Contrariado abrió su cuaderno, cuando se le ocurrió lo que creía sería una brillante idea.

¿Qué sentido tendría hacer la tarea en la biblioteca si la podía hacer cómodamente en su casa? Ya sabía de qué se trataban los libros y nadie notaría la diferencia de si su trabajo había sido realizado a base de estos o por medio de la información proporcionada por la red. Sólo debía copiar la ficha técnica de cada libro para que todos, y en especial su profesora, creyeran que había cumplido con las exigencias de la catedrática.
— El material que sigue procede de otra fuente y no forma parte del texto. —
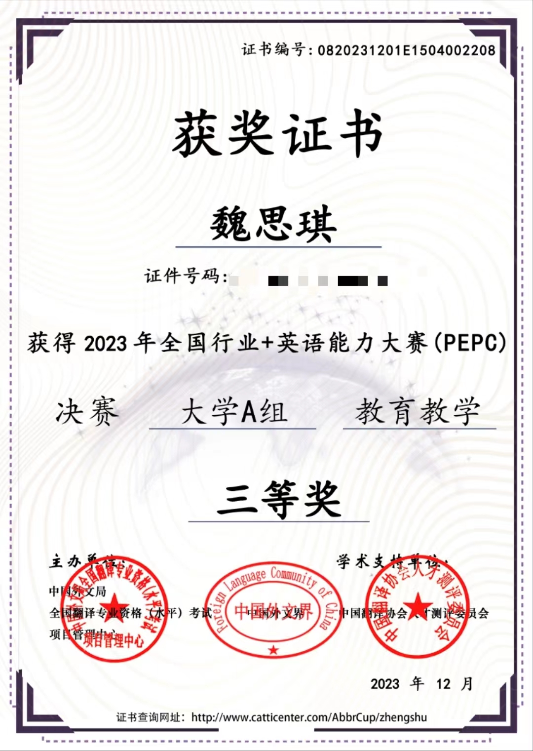(通讯员:朱琳菲)第二届全国行业+英语能力大赛(PEPC)于2023年12月17日落下帷幕,我校我院22级学生魏思琪从全国各省市自治区众多参赛选手中脱颖而出,在全国总决赛中排名前30%,获得大学A组(国内外高校外语专业在读学生)教育教学赛道决赛三等奖,指导教师刘一鸣荣获决赛优秀指导教师称号。
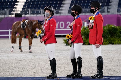 Photos: Bruce Springsteen's daughter Jessica wins Olympic silver in equestrian team jumping United States' Laura Kraut, left, Jessica Springsteen and McLain Ward, right, celebrate winning the silver medal in the equestrian jumping team final at Equestrian Park in Tokyo at the 2020 Summer Olympics, Saturday, Aug. 7, 2021, in Tokyo, Japan. (AP Photo/Carolyn Kaster)
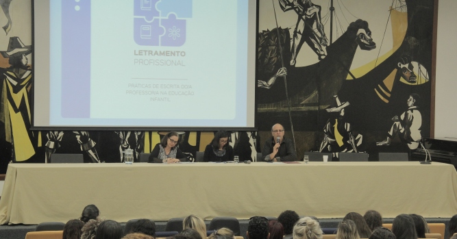 Antes de iniciar a primeira aula, o professor da FaE e coordenador do curso pelo Ceale Gilcinei Carvalho convidou a diretora da FaE Daisy Cunha e a professora Vânia Machado, gerente de coordenação da Educação Infantil da Prefeitura de Belo Horizonte (PBH), para darem boas-vindas aos cursistas.
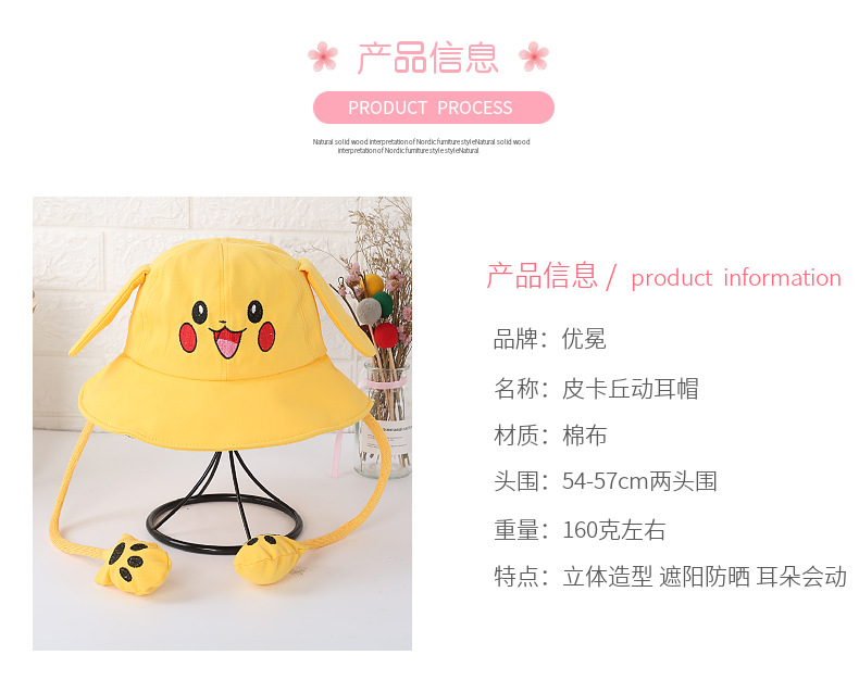 어린이 양산 어부 모자 흔들림 면 피카츄 토끼 모자 귀 이동 모자 부모와 자식 어트랙션 도매스토어 가기
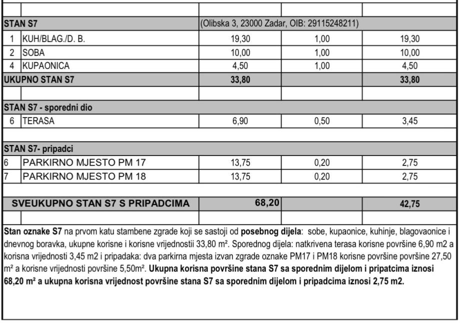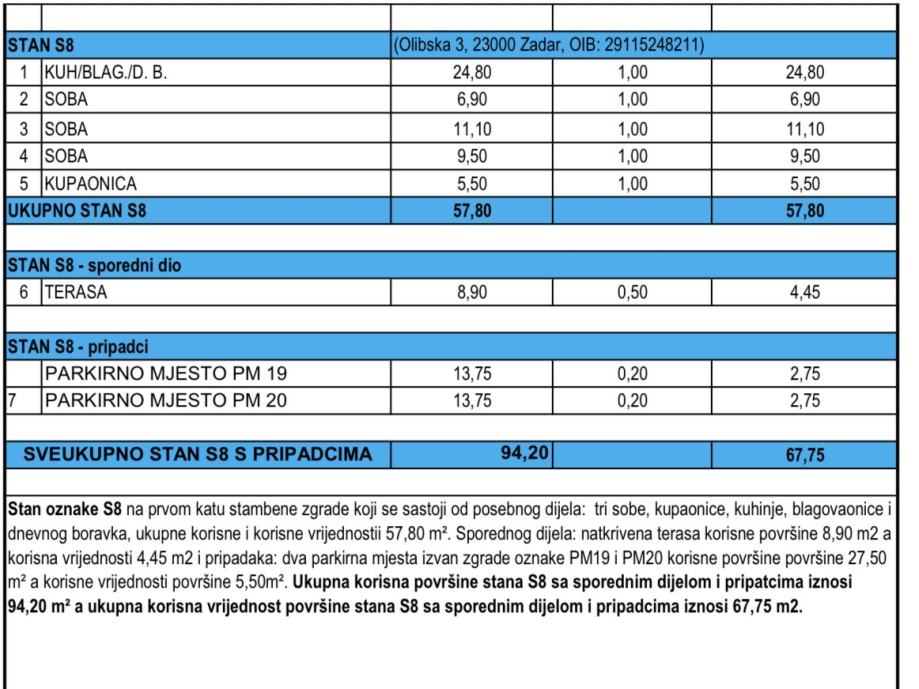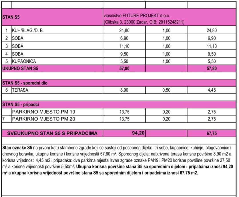 Ukupna obračunska korisna vrijednost površine stana iznosi 67,75m2 (NKP)
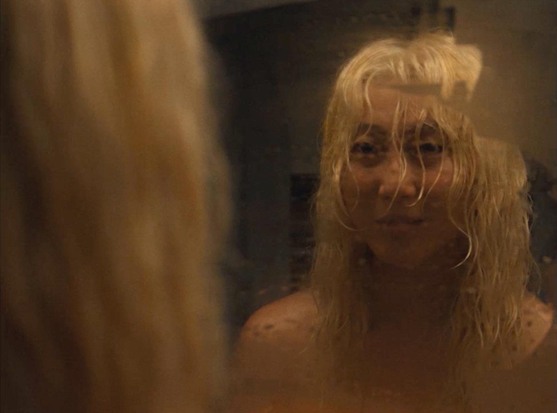 A woman with wet blond hair looks at her reflection in a fogged bathroom mirror.
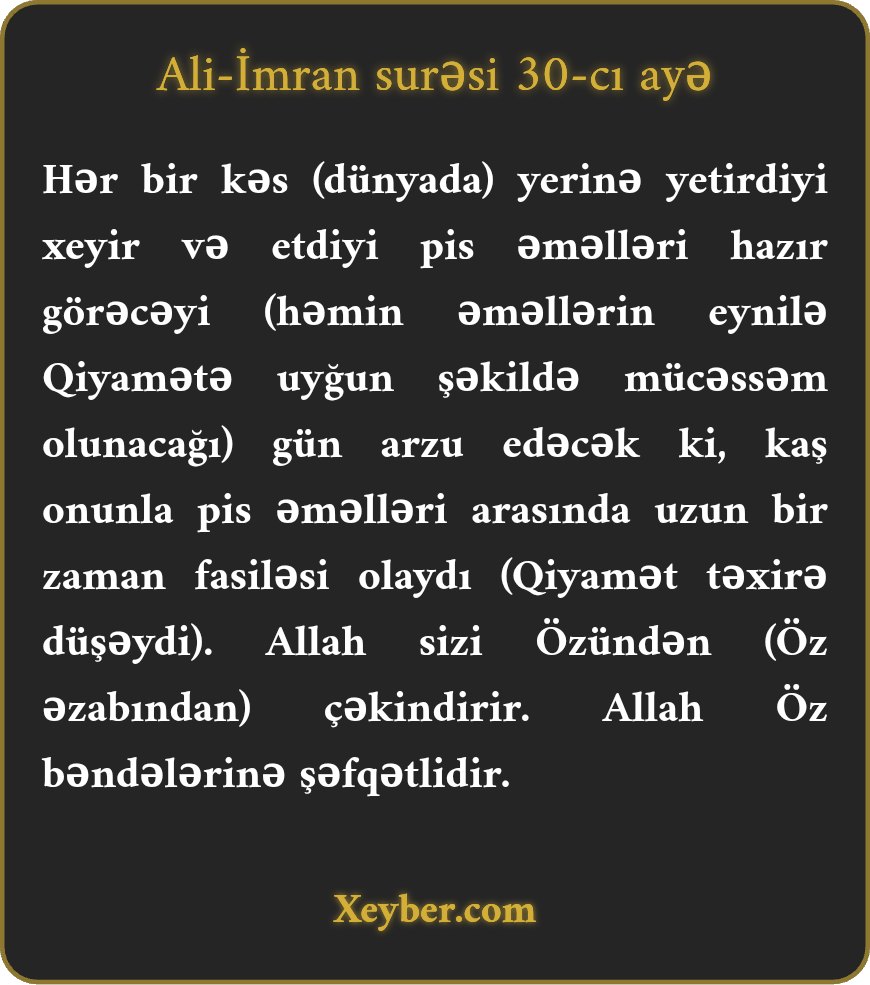 "Elə bir gün ki, hər kəs etdiyi yaxşı işləri hazır görəcək və etdiyi pis işlərlə öz arasında uzaq məsafə olmasını arzulayacaq. Allah sizi (əmri ilə müxalifətçilikdən) çəkindirir. Allah bəndələrlə mehribandır.”
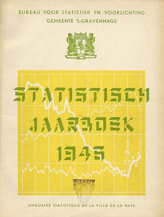 Jaarboek met statische gegevens over het jaar 1940-1945. Op de titelpagina een geelgroen vlak met de afbeelding van een grafiek met daarboven het wapen van de stad Den Haag. Het boek omvat 112 pagina's.
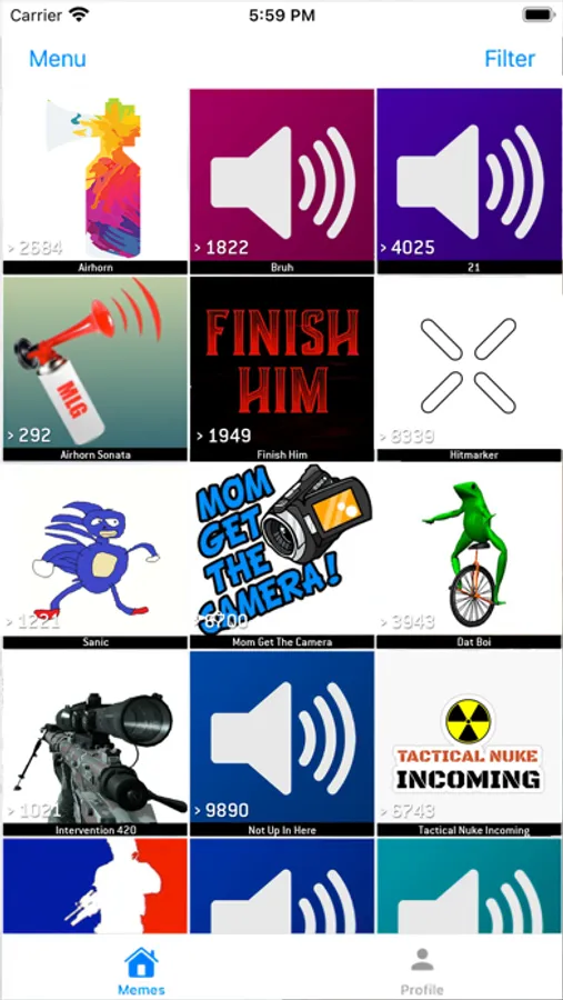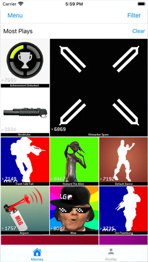 -Filter results based on date and score of memes, from most plays to the day, week, month, year, or all-time.
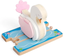 Klap de roze vleugels van de zwaan omhoog en verander haar in een tunnel. Kinderen zullen genieten van dit eenvoudige maar magische mechanische element dat elke rit tot leven brengt.
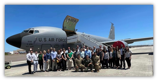 We were greeted by our outstanding day chairs Terry Montrose, Deputy Chief, Public Affairs at MacDill Air Force Base and Staff Sergeant Shannon Bowman, 6th Air Refueling Wing Public Affairs. Our bus tour helped us appreciate the expansive 5600 acres of the base boasting 7 miles of beautiful coastline. A desirable stop in any servicemember’s career, MacDill is home to 33 mission partners, the largest being Special Operations Command (USSOCOM), the 6TH Air Refueling Wing (6 ARW), Central Command (USCENTCOM), and the 927th Air Refueling Wing (927 ARW). Before we got down to the business of briefings, we were able to see some of the base’s amenities, including MacDill Beach, RV campgrounds, and two 18-hole golf courses available to those currently serving and veterans.

—Me quedaré un rato para que nadie sospeche y lue­go volveré a casa y haré la tarea con mi computadora.

Para no aburrirse mientras esperaba, abrió su cua­derno y comenzó a escribir una historia de alienígenas y platillos voladores, similar a las que tanto detestaba su antigua profesora de literatura. Tal vez haya sido ese rechazo el motivo por el cual las escribía.

Una vez que finalizó su historia, miró la hora y se percató que solo habían transcurrido quince minutos.

—Nadie me creerá si digo que ya terminé mis ano­taciones. ¿Qué puedo hacer para matar el tiempo? —se preguntó mirando la parte superior de uno de los estan­tes, donde se encontraba aquel misterioso libro que la bibliotecaria prohibió que tocara.

Sin dudarlo un instante, colocó la escalera contra el estante y subió por ella tomando el pesado y volumino­so libro cuya tapa desgastada por el tiempo había sido forrada con una tela azul.

—¡Esto sí que es interesante! —exclamó.

Sin embargo, su sorpresa fue mucho mayor cuando descubrió que se trataba de un ejemplar manuscrito del Quijote de la Mancha.

Aunque escrito en castellano, al principio Jorge tuvo dificultad en leerlo debido a algunos términos extraños para él y tachones hechos por el mismo autor. ¿Sería aquel libro el original de Cervantes? Sea como fuera al poco tiempo estaba disfrutando de aquella verdadera joya literaria.

De pronto notó que la claridad que provenía de la habitación había desaparecido, por lo que decidió salir a investigar.

Para su sorpresa había oscurecido y la bibliotecaria se había olvidado de él, dejándolo encerrado dentro del edificio.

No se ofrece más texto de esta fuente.